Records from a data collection

———

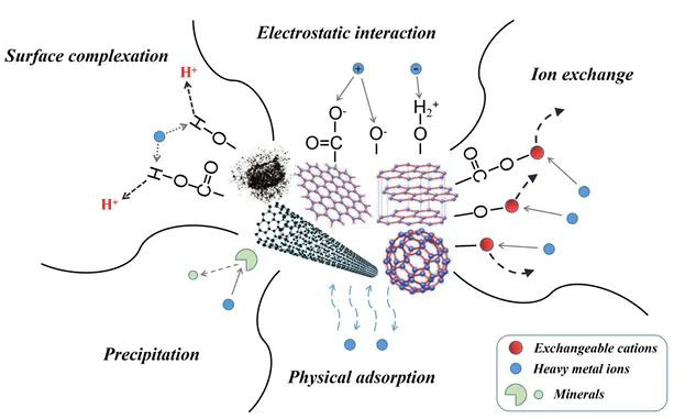图5.重金属在碳基官能团吸附剂上的吸附机制暗示图。DOI: 10.1016/j.cej.2019.02.119
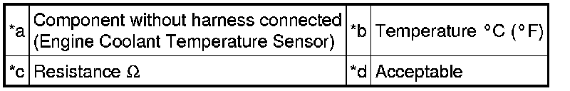 If the result is not as specified, replace the engine coolant temperature sensor.
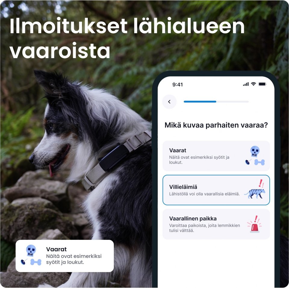 Voit tehdä ilmoituksen lähialueen vaaroista, kuten myrkyistä, vaaranpaikoista tai villieläimistä, Tractive GPS -sovelluksen kartalla. Saat hälytyksen, jos lemmikkisi menee liian lähelle muiden Tractive GPS -lemmikkipaikantimen käyttäjien ilmoittamia vaaroja.
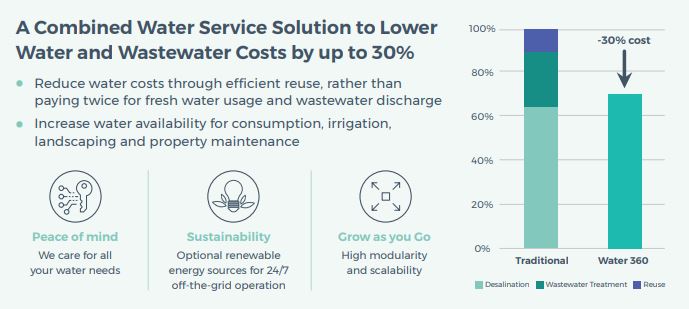 With all of your water needs covered you are free to focus on your core hospitality and property management objectives – and most importantly, on keeping costs down and efficiency high. A Closer Look at Water 360 In-house solutions designed for sustainable off-the-grid water supply, wastewater treatment and reuse
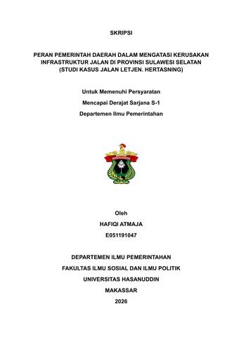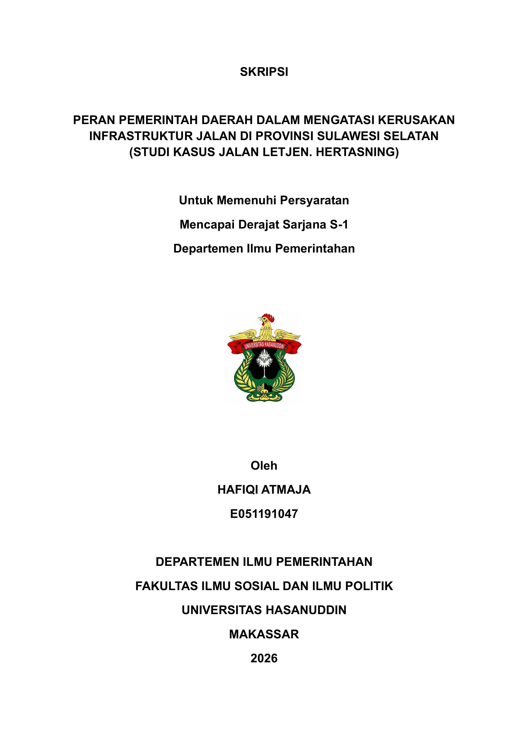 HAFIQI ATMAJA, Nomor Induk Mahasiswa E051191047, Program Studi Ilmu Pemerintahan, Fakultas Ilmu Sosial dan Ilmu Politik, Universitas Hasanuddin. Menyusun skripsi dengan judul ”PERAN PEMERINTAH DAERAH DALAM MENGATASI KERUSAKAN INFRASTRUKTUR JALAN DI PROVINSI SULAWESI SELATAN (STUDI KASUS JALAN LETJEN. HERTASNING)” di bawah bimbingan Prof. Dr. Hj. Rabina Yunus, M. Si. sebagai Dosen Pembimbing Tugas Akhir. Penelitian ini bertujuan untuk mengidentifikasi dan menganalisis faktor-faktor yang memengaruhi terjadinya kerusakan jalan provinsi di Sulawesi Selatan, mengkaji dampaknya terhadap aktivitas sosial masyarakat, serta menjelaskan peran dan langkah strategis pemerintah daerah dalam mengatasinya. Penelitian ini menggunakan pendekatan deskriptif kualitatif. Teknik pengumpulan data dilakukan melalui wawancara mendalam dengan pihak Dinas Bina Marga dan Bina Konstruksi Provinsi Sulawesi Selatan selaku instansi yang bertanggung jawab, observasi lapangan, serta dokumentasi. Analisis data dilakukan melalui tahapan pengumpulan data, reduksi data, penyajian data, dan penarikan kesimpulan. Hasil penelitian menunjukkan bahwa kerusakan ruas Jalan Letjen. Hertasning – Aroepala – Tun Abdul Razak dipengaruhi oleh tingginya volume dan beban lalu lintas, usia layanan jalan, serta keterbatasan anggaran pemeliharaan. Kerusakan tersebut berdampak signifikan terhadap mobilitas dan aktivitas pengguna jalan, meningkatkan risiko kecelakaan, serta membentuk persepsi negatif masyarakat terhadap kinerja pemerintah daerah dalam penyelenggaraan pelayanan publik, khususnya pengelolaan infrastruktur jalan. Dalam penanganannya, Pemerintah Provinsi Sulawesi Selatan melaksanakan fungsi perencanaan, pelaksanaan, dan pengawasan melalui program preservasi jalan dengan skema kontrak tahun jamak (multiyears). Meskipun demikian, keterbatasan fiskal dan kendala teknis di lapangan masih memengaruhi efektivitas penanganan.
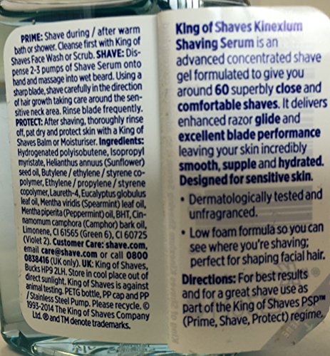 This King of Shaves Sensitive Shaving Serum is an advanced concentrated shave gel, combining the incredible performance of our shaving oils with the ease of use of our shaving gels. Our Sensitive shaving serum delivers amazing razor glide and a close, comfortable shave from a handy compact bottle you can take (almost) anywhere. Ideal for sensitive skin it will leave your skin smooth and supple and feeling great. Formulated to give you 60+ superbly close and comfortable shaves. It delivers enhanced razor glide and excellent blade performance leaving your skin incredibly smooth, supple and hydrated, not dry and tight. All King of Shaves shaving gels, oils, serums and cream work great with all popular razor brands including; Gillette Fusion, Proglide, Mach 3 and Wilkinson Sword Hydro, Quattro and Protector.
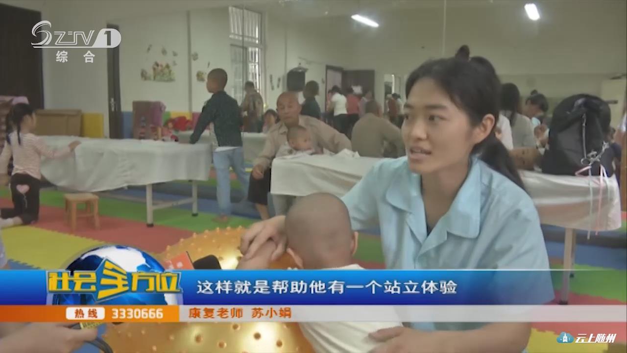 (采访:康复老师 苏小娟)给这个孩子做一下扶站训练,他的脚踩在地上,帮助他站立,他的双手扶在大龙球上,给他一个扶持,这个孩子有点触觉过敏,手不扶脚不着地,这样就是帮助他有一个站立体验。
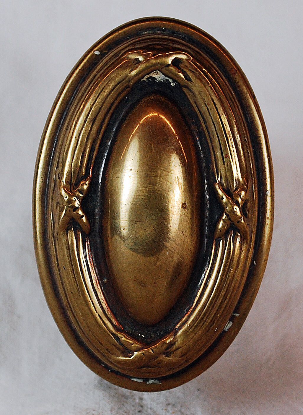 Design Name: Manufacture: Style: Material: Brass Manufacturing Method: Stamped Surface Finish: Unpolished VDA Classification: VDA Number: Shape: Domed, Oval Egg Patent Specifics: Lock Type (If Applicable): Inscription/Makers Mark: Inscription Text: Comments: .Probably French / Continental
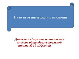 Документ обсуждает переход от интегративного к инклюзивному образованию, подчеркивая важность признания различий между детьми и их способности к обучению. Он описывает этапы и принципы создания инклюзивной культуры в образовании в Узбекистане, фокусируясь на значении участия всех детей в образовательном процессе. Основное внимание уделяется проблемам, связанным с несовершенством системы образования и недостаточной подготовленностью учителей к интеграции детей с особыми потребностями.
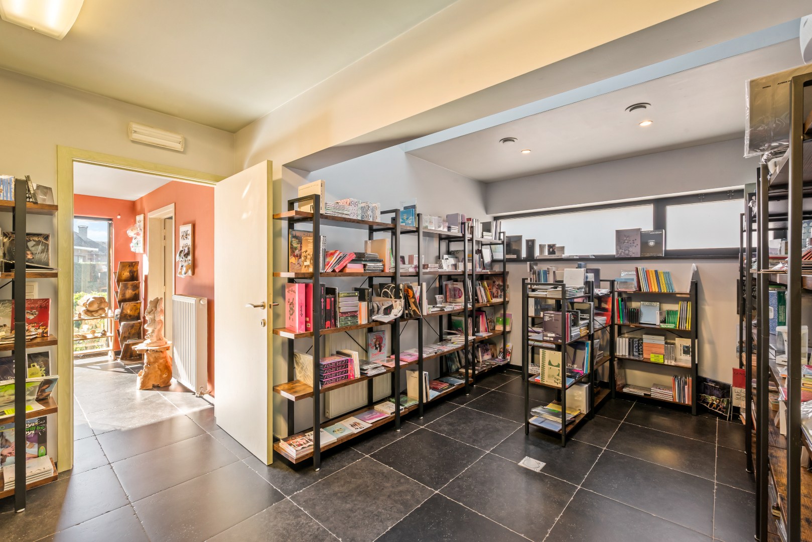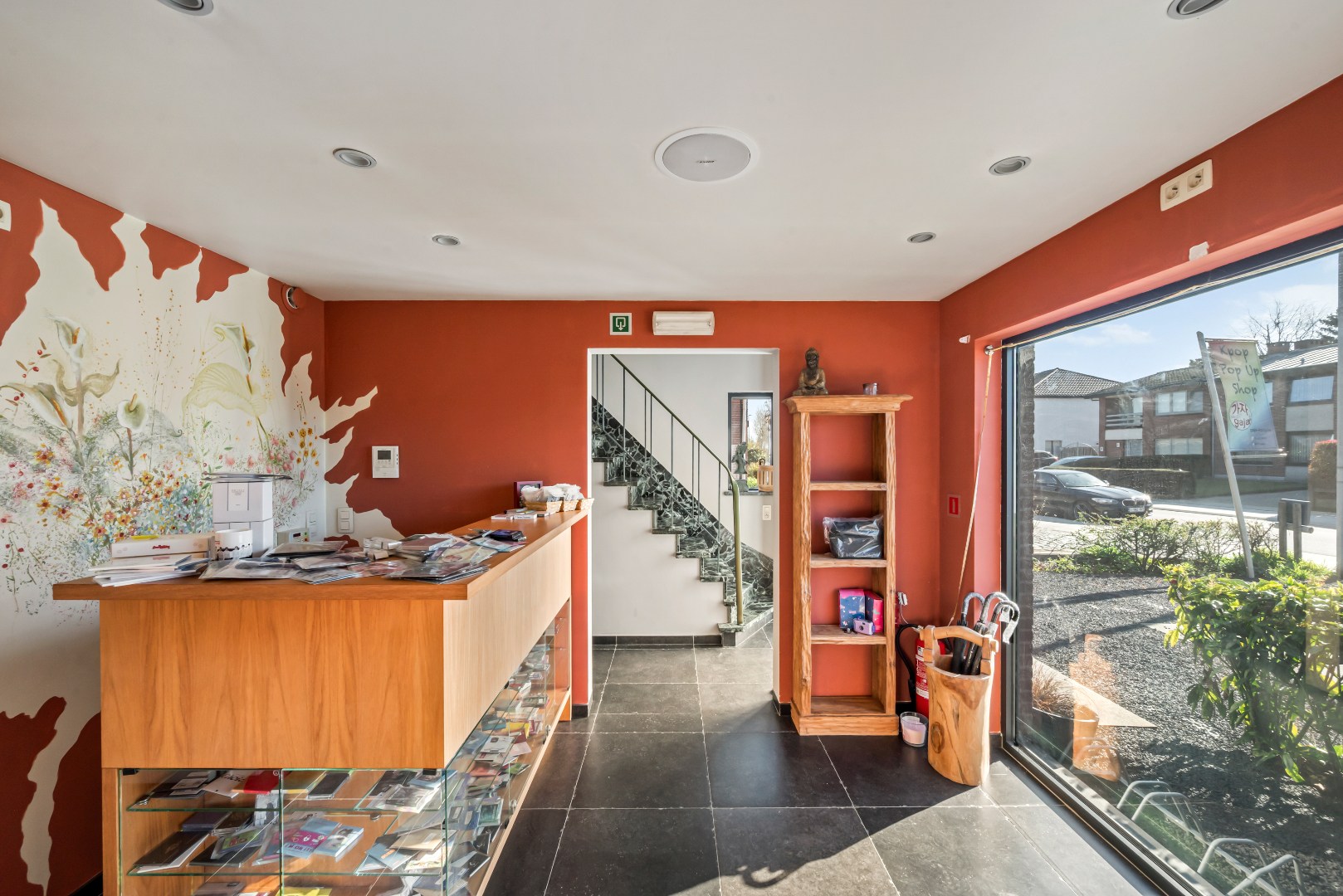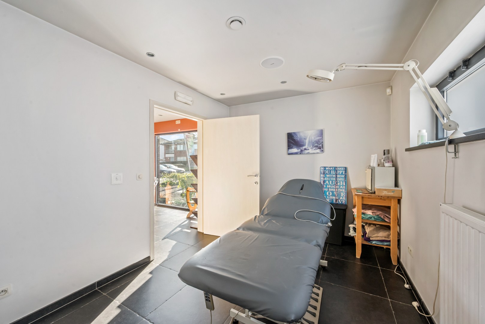 Bij het binnenkomen valt meteen de praktische indeling op. Op het gelijkvloers bevindt zich een ruime praktijk- of hobbyruimte, ingedeeld in meerdere zones. Ideaal voor zelfstandigen of wie wonen en werken wil combineren, met behoud van privacy. Verder beschikt de woning over praktische bergruimtes en meerdere afzonderlijke toiletten.

———

**Problem to work on**
Above are the records; copy them exactly without the pictures.

**Final answer**
图5.重金属在碳基官能团吸附剂上的吸附机制暗示图。DOI: 10.1016/j.cej.2019.02.119
 If the result is not as specified, replace the engine coolant temperature sensor.
 Voit tehdä ilmoituksen lähialueen vaaroista, kuten myrkyistä, vaaranpaikoista tai villieläimistä, Tractive GPS -sovelluksen kartalla. Saat hälytyksen, jos lemmikkisi menee liian lähelle muiden Tractive GPS -lemmikkipaikantimen käyttäjien ilmoittamia vaaroja.
 With all of your water needs covered you are free to focus on your core hospitality and property management objectives – and most importantly, on keeping costs down and efficiency high. A Closer Look at Water 360 In-house solutions designed for sustainable off-the-grid water supply, wastewater treatment and reuse
 HAFIQI ATMAJA, Nomor Induk Mahasiswa E051191047, Program Studi Ilmu Pemerintahan, Fakultas Ilmu Sosial dan Ilmu Politik, Universitas Hasanuddin. Menyusun skripsi dengan judul ”PERAN PEMERINTAH DAERAH DALAM MENGATASI KERUSAKAN INFRASTRUKTUR JALAN DI PROVINSI SULAWESI SELATAN (STUDI KASUS JALAN LETJEN. HERTASNING)” di bawah bimbingan Prof. Dr. Hj. Rabina Yunus, M. Si. sebagai Dosen Pembimbing Tugas Akhir. Penelitian ini bertujuan untuk mengidentifikasi dan menganalisis faktor-faktor yang memengaruhi terjadinya kerusakan jalan provinsi di Sulawesi Selatan, mengkaji dampaknya terhadap aktivitas sosial masyarakat, serta menjelaskan peran dan langkah strategis pemerintah daerah dalam mengatasinya. Penelitian ini menggunakan pendekatan deskriptif kualitatif. Teknik pengumpulan data dilakukan melalui wawancara mendalam dengan pihak Dinas Bina Marga dan Bina Konstruksi Provinsi Sulawesi Selatan selaku instansi yang bertanggung jawab, observasi lapangan, serta dokumentasi. Analisis data dilakukan melalui tahapan pengumpulan data, reduksi data, penyajian data, dan penarikan kesimpulan. Hasil penelitian menunjukkan bahwa kerusakan ruas Jalan Letjen. Hertasning – Aroepala – Tun Abdul Razak dipengaruhi oleh tingginya volume dan beban lalu lintas, usia layanan jalan, serta keterbatasan anggaran pemeliharaan. Kerusakan tersebut berdampak signifikan terhadap mobilitas dan aktivitas pengguna jalan, meningkatkan risiko kecelakaan, serta membentuk persepsi negatif masyarakat terhadap kinerja pemerintah daerah dalam penyelenggaraan pelayanan publik, khususnya pengelolaan infrastruktur jalan. Dalam penanganannya, Pemerintah Provinsi Sulawesi Selatan melaksanakan fungsi perencanaan, pelaksanaan, dan pengawasan melalui program preservasi jalan dengan skema kontrak tahun jamak (multiyears). Meskipun demikian, keterbatasan fiskal dan kendala teknis di lapangan masih memengaruhi efektivitas penanganan.
 This King of Shaves Sensitive Shaving Serum is an advanced concentrated shave gel, combining the incredible performance of our shaving oils with the ease of use of our shaving gels. Our Sensitive shaving serum delivers amazing razor glide and a close, comfortable shave from a handy compact bottle you can take (almost) anywhere. Ideal for sensitive skin it will leave your skin smooth and supple and feeling great. Formulated to give you 60+ superbly close and comfortable shaves. It delivers enhanced razor glide and excellent blade performance leaving your skin incredibly smooth, supple and hydrated, not dry and tight. All King of Shaves shaving gels, oils, serums and cream work great with all popular razor brands including; Gillette Fusion, Proglide, Mach 3 and Wilkinson Sword Hydro, Quattro and Protector.
 (采访:康复老师 苏小娟)给这个孩子做一下扶站训练,他的脚踩在地上,帮助他站立,他的双手扶在大龙球上,给他一个扶持,这个孩子有点触觉过敏,手不扶脚不着地,这样就是帮助他有一个站立体验。
 Design Name: Manufacture: Style: Material: Brass Manufacturing Method: Stamped Surface Finish: Unpolished VDA Classification: VDA Number: Shape: Domed, Oval Egg Patent Specifics: Lock Type (If Applicable): Inscription/Makers Mark: Inscription Text: Comments: .Probably French / Continental
 Документ обсуждает переход от интегративного к инклюзивному образованию, подчеркивая важность признания различий между детьми и их способности к обучению. Он описывает этапы и принципы создания инклюзивной культуры в образовании в Узбекистане, фокусируясь на значении участия всех детей в образовательном процессе. Основное внимание уделяется проблемам, связанным с несовершенством системы образования и недостаточной подготовленностью учителей к интеграции детей с особыми потребностями.
 Bij het binnenkomen valt meteen de praktische indeling op. Op het gelijkvloers bevindt zich een ruime praktijk- of hobbyruimte, ingedeeld in meerdere zones. Ideaal voor zelfstandigen of wie wonen en werken wil combineren, met behoud van privacy. Verder beschikt de woning over praktische bergruimtes en meerdere afzonderlijke toiletten.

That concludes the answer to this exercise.